A machine learning-based method for resolving secondary mirror misalignment in telescope optical systems

Abstract

Abstract Larger aperture and larger field of view represent the evolving demands of astronomical research and the advancing trajectory of telescope technology. For ground-based telescopes, the impact of gravity on larger optical systems becomes increasingly important. For space telescopes and Antarctic telescopes, maintenance challenges are another significant consideration. However, directly resolving the misalignment of optical components can guide the system to make corresponding self-compensation, which is very meaningful for these telescopes. We have focused on resolving misalignments in telescope optical systems over the years. Since 2023, we introduced a new method (RSVA) for evaluating the image quality of optical systems. Although originally conceived to investigate the imaging characteristics of large-field optical systems, our ongoing research has revealed its inherent capacity to encapsulate a plethora of information regarding the optical system’s state.

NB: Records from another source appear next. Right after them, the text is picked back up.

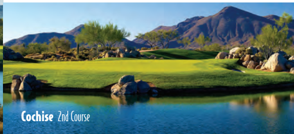
Cochise 2nd Course
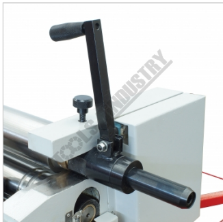
Swing Out Top Roller Handle
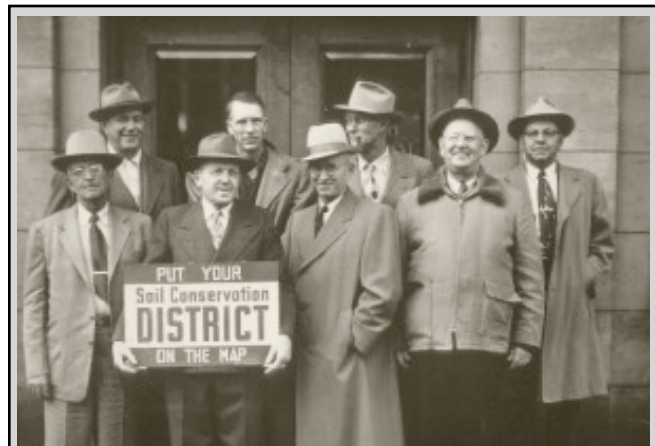
Conservation Districts were formed in response to the Dustbowl catastrophe of the 1920s and 1930s.

In addition, Soil and Water Conservation Districts (SWCD) in some states, such as Iowa, have regulations requiring farm operators to limit the soil loss to certain levels. 38 However, the mechanisms for enforcement as well as the will to enforce these rules is often limited. Again, while there are, perhaps, more effective means of protecting your land, such provisions do have a place in farm lease agreements. It may be beneficial to seek out your local SWCD commissioners, inquire about soil loss limits, and learn more about enforcing such limits on your property. In Iowa, complaints regarding soil loss limits can be brought by adversely affected neighbors or local officials. 39 Landowners are not included in the language of the statute.

Consequently, we promptly combined it with machine learning to resolve the misalignment of secondary mirror in optical systems, ultimately achieving excellent results. Inspired by this concept, we developed the SVA-type method to resolve misalignments in telescope optical systems. This method achieved a root-mean-square (RMS) misalignment resolution of less than 1 μm & 3.6” for the secondary mirror using only 10 rays. This article will provide a detailed explanation of the methodology and results, as well as explore other interesting possibilities arising from this approach. Drawing upon the SVA theory, we aspire to devise a distinctive approach to resolve misalignment in a telescope’s optical system by leveraging imaging shape.